The API in both QSharedMemory and QSystemSemaphore had the concept of a cross-platform key, which is now deprecated in favor of using QSharedMemory::legacyNativeKey() and QSystemSemaphore::legacyNativeKey(). Those two functions produce the same native key as the deprecated functions did in prior versions. If the old code was for example:
QSharedMemory shm("org.example.myapplication"); QSystemSemaphore sem("org.example.myapplication");
It can be updated to be:
QSharedMemory shm(QSharedMemory::legacyNativeKey("org.example.myapplication")); QSystemSemaphore sem(QSystemSemaphore::legacyNativeKey("org.example.myapplication"));
If the two applications exchanged native keys, there is no need to update code such as:
QSharedMemory shm; shm.setNativeKey(key);
Though if the older application did accept a native key, the new one may opt to use
platformSafeKey()
with a second argument of
QNativeIpcKey::legacyDefaultTypeForOs
().
Never use existing files for QSharedMemory keys, as the old Qt application may attempt to remove it. Instead, let QSharedMemory create it.
Interoperability with non-Qt applications is possible, with some limitations:
Communication with non-Qt applications must always be through the native key.

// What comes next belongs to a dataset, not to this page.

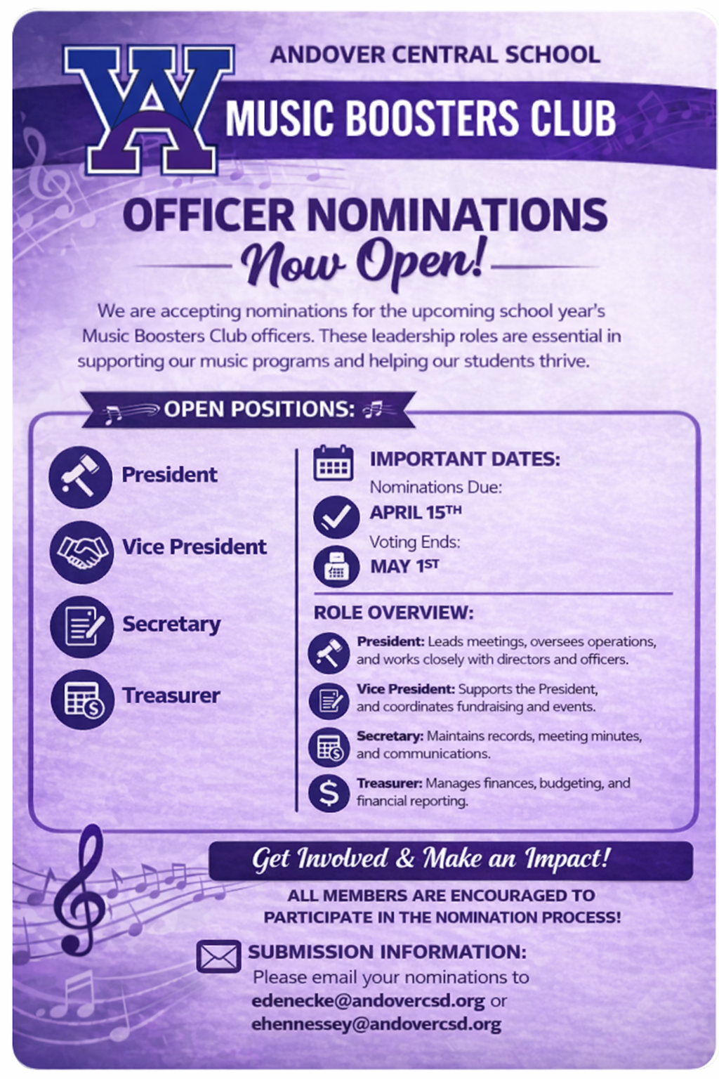 The Andover Music Boosters will be accepting nominations for officers until April 15th. If you or someone you know would be interested in helping organize a parent group that would benefit the acti...

QSharedMemory always maps the entire segment to memory. The non-Qt application may choose to only map a subset of it to memory, with no ill effects.
POSIX shared memory can be opened using shm_open() and POSIX system semaphores can be opened using sem_open() .
Both of those functions take a
名称
parameter that is the result of
QNativeIpcKey::nativeKey
(), encoded for file names using
QFile::encodeName
() /
QFile::decodeName
().
Windows shared memory objects can be opened using CreateFileMappingW and Windows system semaphore objects can be opened using CreateSemaphoreW . Despite the name of both functions starting with "Create", they are able to attach to existing objects.
The
lpName
parameter to those functions is the result of
QNativeIpcKey::nativeKey
(), without transformation.
If the foreign application uses the non-Unicode version of those functions (ending in "A"), the name can be converted to and from 8-bit using QString .
System V shared memory can be obtained using shmget() and System V system semaphores can be obtained using semget() .
The
key
parameter to either of those functions is the result of the
ftok()
function when passed the file name obtained from
QNativeIpcKey::nativeKey
() with an
id
of 81 or 0x51 (the ASCII capital letter 'Q').
System V semaphore objects may contain multiple semaphores, but
QSystemSemaphore
only uses the first one (number 0 for
sem_num
).
Both
QSharedMemory
and
QSystemSemaphore
default to removing the object using the
IPC_RMID
operation to
shmctl()
and
semctl()
respectively if they are the last attachment.